Nottingham University Hospitals is incredibly proud that one of our nurses has been recognised for their contributions to the NHS.

Nurse Onyinye Enwezor has been graciously awarded with an honorary British Empire Medal (BEM) by Her Majesty the Queen in today’s (Saturday 10 October) announcement of the Queen’s Birthday Honours.

Onyi qualified as a nurse and midwife from the University of Nigeria Teaching Hospital, Enugu, Nigeria in 2000 and 2002 respectively. In 2011, she obtained a BSc (Hons.) degree from the University of Nottingham.

In 2003 Onyi moved to the United Kingdom and did her Adaptation programme at Hillcroft Nursing Home in Morecambe, Lancaster.  She then moved to Nottinghamshire and worked at Mansfield Community Hospital for 11 months before getting a job with TEAM NUH in 2005 as a theatre nurse.  In 2019 she left theatres as a Deputy Sister when she got her dream job, and current role, as a Shared Governance Clinical Educator at our Institute of Nursing and Midwifery Care Excellence.

Of her award, Onyi said: “I am shocked and truly humbled to receive this award. I always wanted to be a nurse and I am so thankful that my lovely parents supported me to achieve my goal.”

“A lot of factors have greatly contributed to my success, one of which is Shared Governance.  It has really helped me achieve great satisfaction as a nurse because it truly empowers staff.  I have been part of the Trust’s BAME Shared Governance Council since it started in 2018.  It has not been an easy journey but it has been very rewarding.  I live by the mantra Please seize every opportunity you get to serve excellently and selflessly as you may not have a second chance. I am truly grateful to all those who have in the course of my career created these opportunities for me.”

“A big thank you to my family, friends and colleagues for the support and encouragement over the years, but above all I want to thank God for His grace and mercy.”

Professor Mandie Sunderland, Chief Nurse at Nottingham University Hospitals said: “We are so very proud of Onyi for being recognised in this way for all that she has contributed to the NHS.

Onyi is one of our Shared Governance Clinical Educators, an experienced theatre nurse, and founding member and deputy chair of our Black Asian and Minority Ethnic (BAME) Shared Governance (SG) council. Onyi is known to be an inspiring role model and clinical nurse leader.

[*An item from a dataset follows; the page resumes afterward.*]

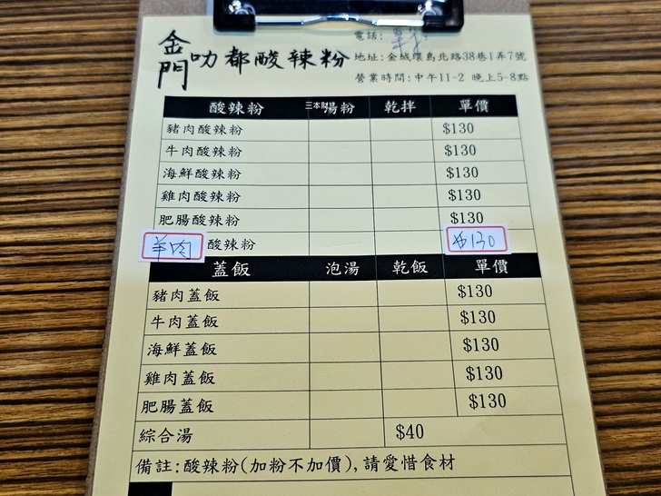 【金門‧金城食記】叻都酸辣粉~午餐~營業時間、訂位電話、菜單價目表、公車及交通資訊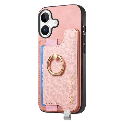 Funda retro Magsafe Cross de cuero con anillo y tarjetero para iPhone 17 (rosa)

Onyi works tirelessly as deputy chair for our BAME Shared Governance Council, providing leadership, often working in her own time to ensure the council delivers projects to improve care for BAME patients and raise awareness of the challenges faced by BAME nurses and midwives, for example informing the rapid development of an innovative COVID-19 risk assessment in response to BAME staff feedback and concerns.

During the first wave of the COVID-19 pandemic Onyi worked actively to support recruitment, education and training for the redeployment of our staff. As the context of the pandemic escalated and the concerns of the impact on BAME staff and local communities started to emerge, Onyi worked actively to connect with and support escalate concerns of individual BAME nurses, giving a voice to those of her colleagues who haven’t had her confidence to speak up.

Onyi’s contribution is immeasurable.  Her determination and active leadership this year has been so impressive and we are incredibly proud to have her as a part of Team NUH.”